All of the entries below should be returned verbatim, apart from the pictures.

Material shown:
=== Section Start ===

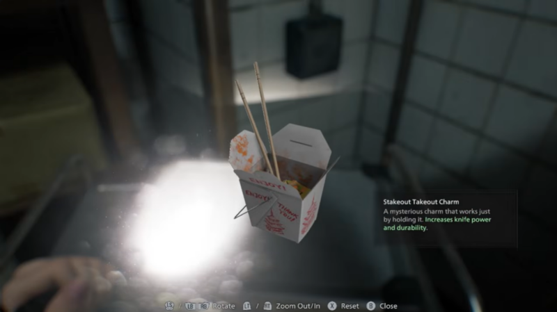 Inside the secret pantry, you’ll find handgun ammunition, scrap materials, and the Stakeout Takeout Charm, which increases knife power and durability. This synergizes well if you prefer melee efficiency or plan challenge runs.
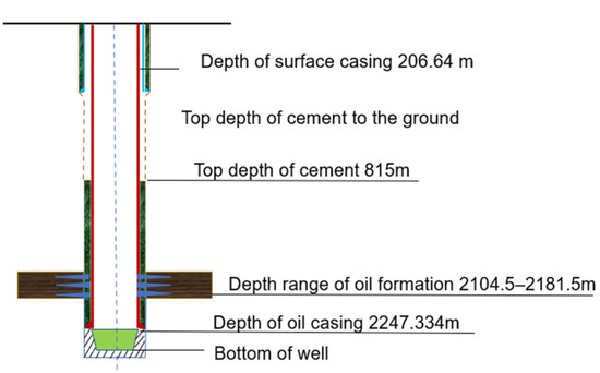 Taking well 1404 as an example, located in the Bai 21 well area of the Baikouquan Oilfield, Bai 59 Station, which was put into production on 1 November 2008. The drilling depth is 2256 m, twoopen well structure, as shown in Figure 9. The depth of the surface casing is 206.64 m, with the top depth of cement to the ground and the depth of the production casing being 2247.334 m, with the top depth of cement being 815 m. The range of production formation is 2104.5–2181.5 m, with a thickness of 77 m. In order to satisfy production requirements, the supplementary formation 2104.5–2123.0 m was subsequently perforated and produced. Then the phenomena of high liquid production and high water cut appeared in well 1404. The daily liquid production was 26.5 t, the daily oil production was 1.8 t, and the water content was 93.2%. According to the above data, it can be determined that the supplementary formation is the main water outlet layer. It is worth pointing out that the gel plugging agent used previously to solve the high water cut problems had failed to plug the well many times. The problems at the construction site were mainly the retention of the gel plugging agent near the wellbore and the bearing capacity after plugging. Therefore, the plugging agent we presented was used to plug 2104.5–2123.0 m to prepare for the next operation.
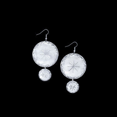 The Crystal Statement Earrings are a bold, beautiful tribute to a classic Western style. Featuring two sterling silver conchos, each hand engraved with a unique starburst accented by an etched outer edge, creating a striking, eye-catching look.
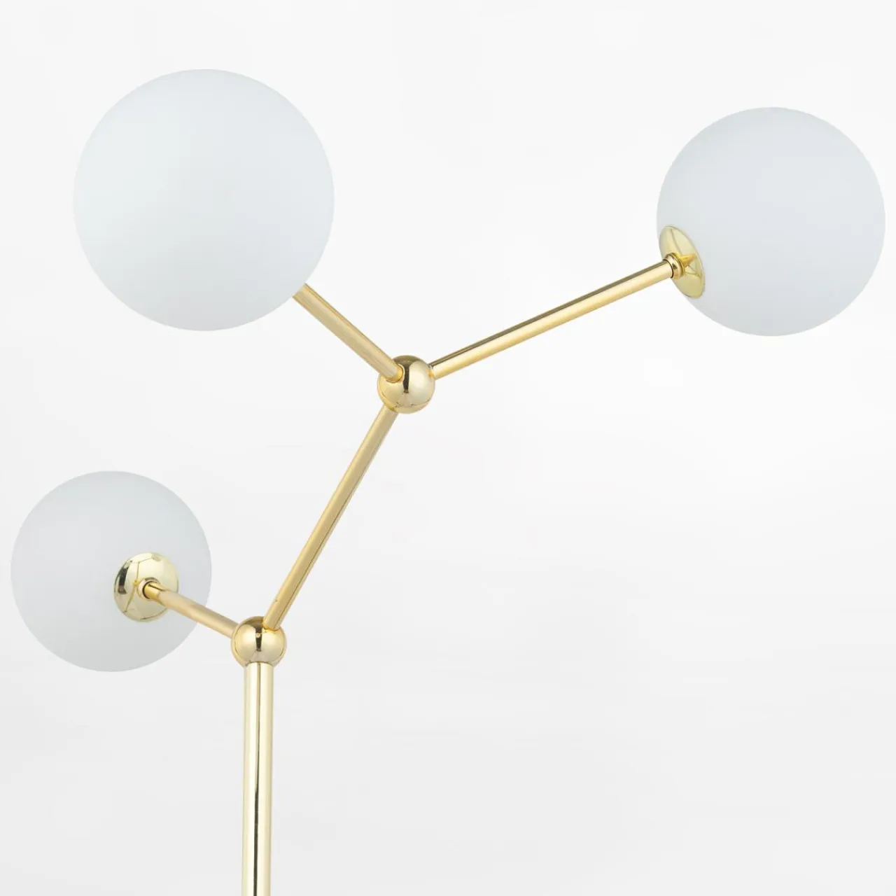 - Prosty stelaż w złotym kolorze oraz 3 białe, kuliste klosze rozjaśnią i ocieplą wizualnie wnętrze.
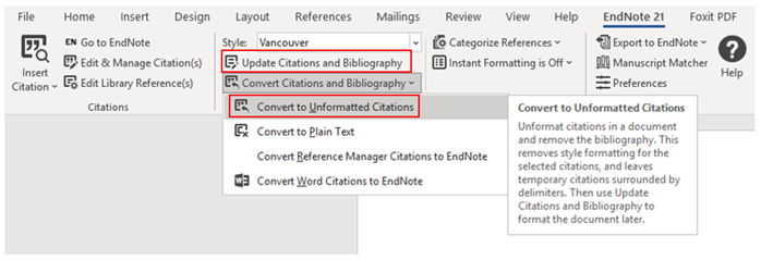- Kies in het tabblad EndNote in Word de juiste keuzestijl uit.
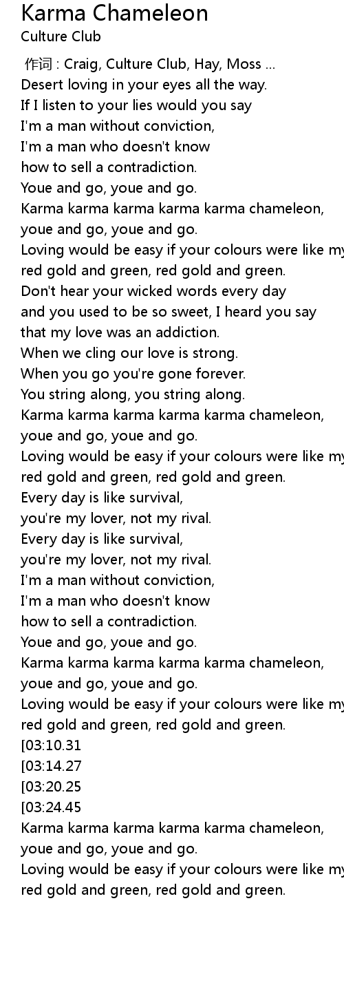 | [02:49.34] | Karma karma karma karma karma chameleon, |
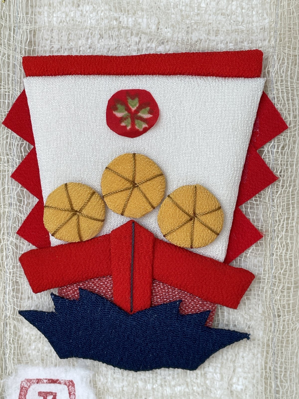 古い蚊帳を土台に縁起の良い宝船を押し絵で作りました。
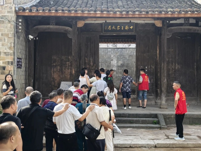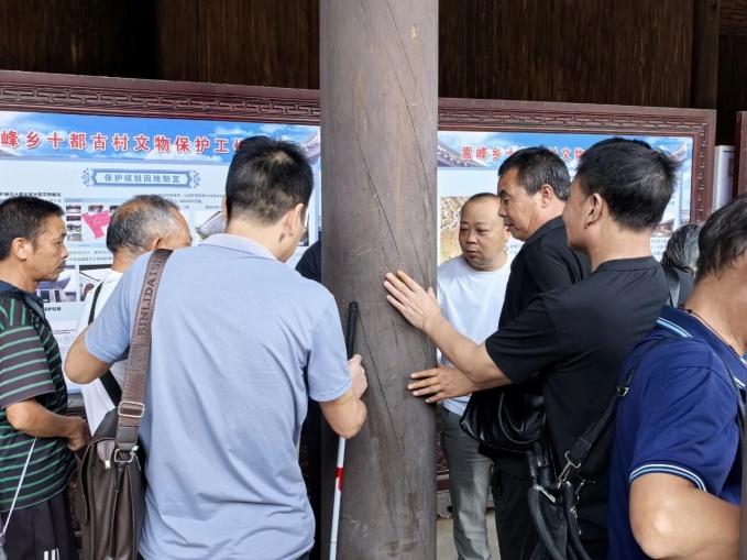 当天上午,盲人朋友们在陪护家属和助残志愿者的全程陪同下前往嵩峰乡十都王家大屋游览。在工作人员的贴心陪伴与导游的细致讲解下,大家徜徉于青石板路,用双脚丈量,通过触摸古老的墙砖,体会“中华第一民宅”十都王家大屋的风光。
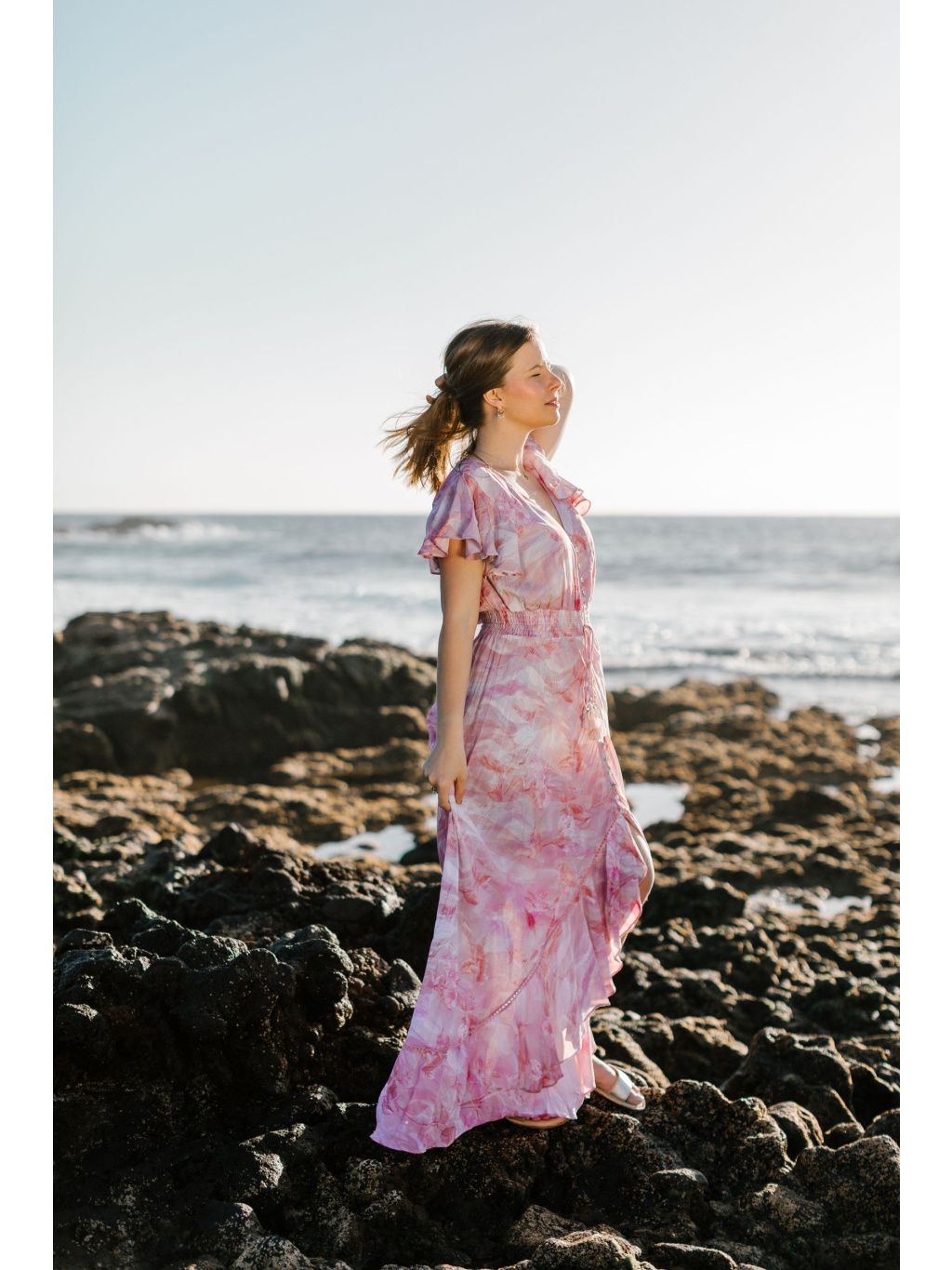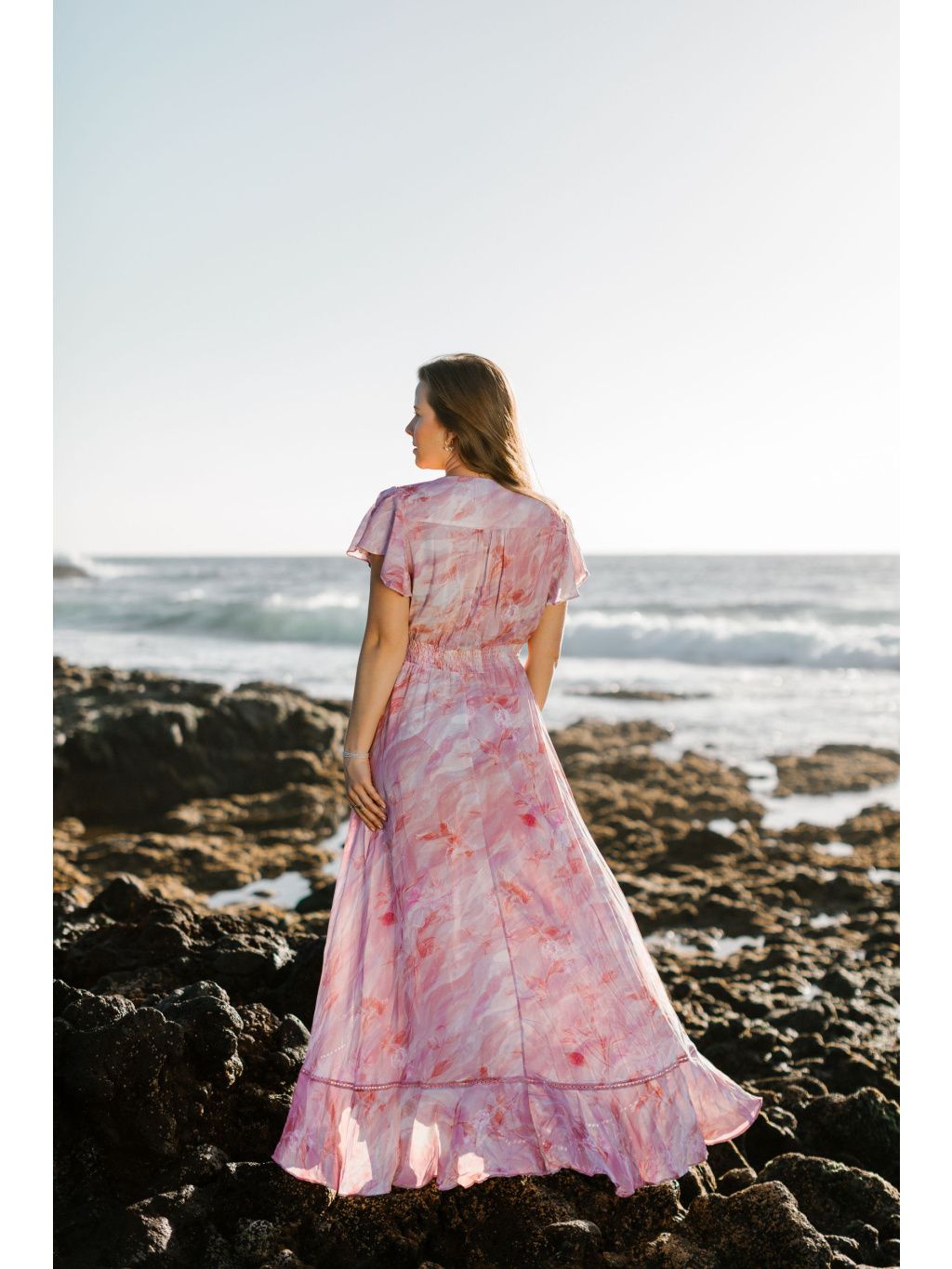 Romantické šaty z lehké viskózy s něžným květinovým vzorem v růžových tónech.

=== Section End ===

Result for this task:
 Inside the secret pantry, you’ll find handgun ammunition, scrap materials, and the Stakeout Takeout Charm, which increases knife power and durability. This synergizes well if you prefer melee efficiency or plan challenge runs.
 Taking well 1404 as an example, located in the Bai 21 well area of the Baikouquan Oilfield, Bai 59 Station, which was put into production on 1 November 2008. The drilling depth is 2256 m, twoopen well structure, as shown in Figure 9. The depth of the surface casing is 206.64 m, with the top depth of cement to the ground and the depth of the production casing being 2247.334 m, with the top depth of cement being 815 m. The range of production formation is 2104.5–2181.5 m, with a thickness of 77 m. In order to satisfy production requirements, the supplementary formation 2104.5–2123.0 m was subsequently perforated and produced. Then the phenomena of high liquid production and high water cut appeared in well 1404. The daily liquid production was 26.5 t, the daily oil production was 1.8 t, and the water content was 93.2%. According to the above data, it can be determined that the supplementary formation is the main water outlet layer. It is worth pointing out that the gel plugging agent used previously to solve the high water cut problems had failed to plug the well many times. The problems at the construction site were mainly the retention of the gel plugging agent near the wellbore and the bearing capacity after plugging. Therefore, the plugging agent we presented was used to plug 2104.5–2123.0 m to prepare for the next operation.
 The Crystal Statement Earrings are a bold, beautiful tribute to a classic Western style. Featuring two sterling silver conchos, each hand engraved with a unique starburst accented by an etched outer edge, creating a striking, eye-catching look.
 - Prosty stelaż w złotym kolorze oraz 3 białe, kuliste klosze rozjaśnią i ocieplą wizualnie wnętrze.
- Kies in het tabblad EndNote in Word de juiste keuzestijl uit.
 | [02:49.34] | Karma karma karma karma karma chameleon, |
 古い蚊帳を土台に縁起の良い宝船を押し絵で作りました。
 当天上午,盲人朋友们在陪护家属和助残志愿者的全程陪同下前往嵩峰乡十都王家大屋游览。在工作人员的贴心陪伴与导游的细致讲解下,大家徜徉于青石板路,用双脚丈量,通过触摸古老的墙砖,体会“中华第一民宅”十都王家大屋的风光。
 Romantické šaty z lehké viskózy s něžným květinovým vzorem v růžových tónech.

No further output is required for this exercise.